Dünyanın en büyük kitap fuarı olarak kabul edilen Frankfurt Kitap Fuarı, 16 – 20 Ekim tarihleri arasında 76. kez düzenlendi. 153 ülkeden 115.000 ticari ziyaretçi ve 115.000 okurun katıldığı fuarda 4.300’den fazla katılımcıyla 365 ajans da yer aldı. Bu yılki sloganı “okumak” olan fuarın açılışındaki basın toplantısında Elif Şafak da bir konuşma yaptı. 

Fuar Türk yayıncılar için de oldukça önemli bir yere sahip. Özellikle 2008 yılında ‘konuk ülke’ seçilen Türkiye, bu sayede ülke kültürünü ve yayıncılığını uluslararası anlamda tanıtma imkânı buldu. 

Mikroscope olarak biz de fuara katılan yetkin isimlerden görüş alalım istedik.
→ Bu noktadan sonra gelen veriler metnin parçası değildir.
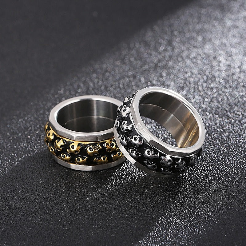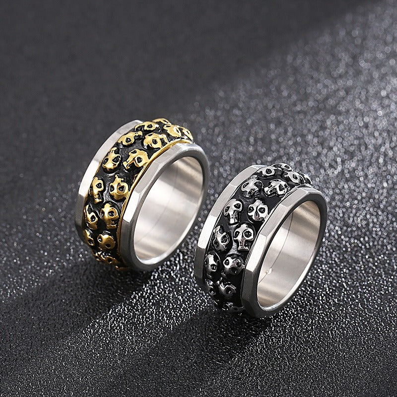 Two layers of sculpted skulls form a rotating outer ring, creating depth, motion, and a strong visual rhythm while keeping the band centered on the finger.
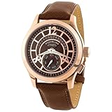 Celebrate the solar eclipse everyday with the Stuhrling Original Men's Classic 'Baily' Automatic Retrograde Rubber Strap Watch. The polished rose-gold-tone stainless steel case and beveled bezel complement the rose-gold-tone accented dial. A handsome brown dial features a dramatic rose-gold-tone eclipse design along with rose-gold-tone Arabic numerals displayed at the four, eight, and 12 o'clock hours. Sharp rose-gold-tone luminous hour, minute, and second hands are accompanied by rose-gold-tone red-tipped date and day hands. The date is displayed in a crescent toward the center of the dial, and a day subdial appears at the six o'clock position. An outside minute track features triangular luminous indices at each hour position. The black pigskin leather strap fits comfortably and fastens securely with a buckle clasp. This timepiece relies on automatic-self-wind movement and is protected by a synthetic sapphire crystal. The watch is water resistant to a depth of 165 feet (50 meters).
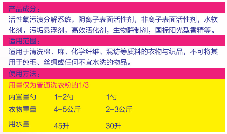 Yin Granmaya 세척 분말 효소 고농도 저거품 세척 분말 활성 산소 열화 황색 오염 제거
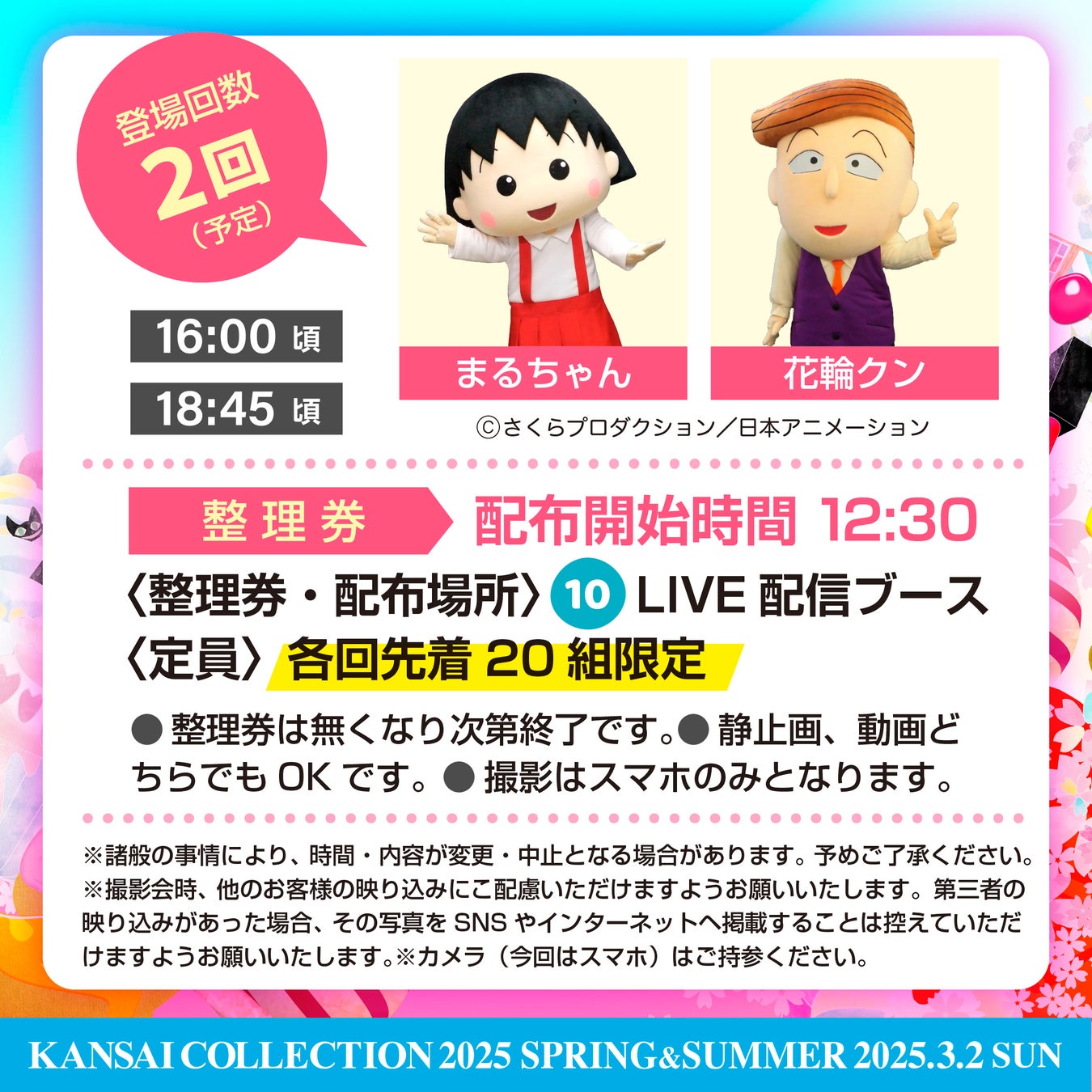 16:00頃と18:45頃に、LIVE配信ブースにまるちゃんと花輪クンが登場し、来場者と一緒に撮影会を開催します!

Yayıncılar Birliği Başkanı Kenan Kocatürk, yayıncı-yazar Metin Celâl ve Kalem Ajans kurucusu Nermin Mollaoğlu, fuar izlenimlerini okurlarımız için paylaştı.  

 

“Birçok yayıncı arkadaşımız uluslararası yayıncılık dünyasıyla bu fuar sayesinde tanıştı.”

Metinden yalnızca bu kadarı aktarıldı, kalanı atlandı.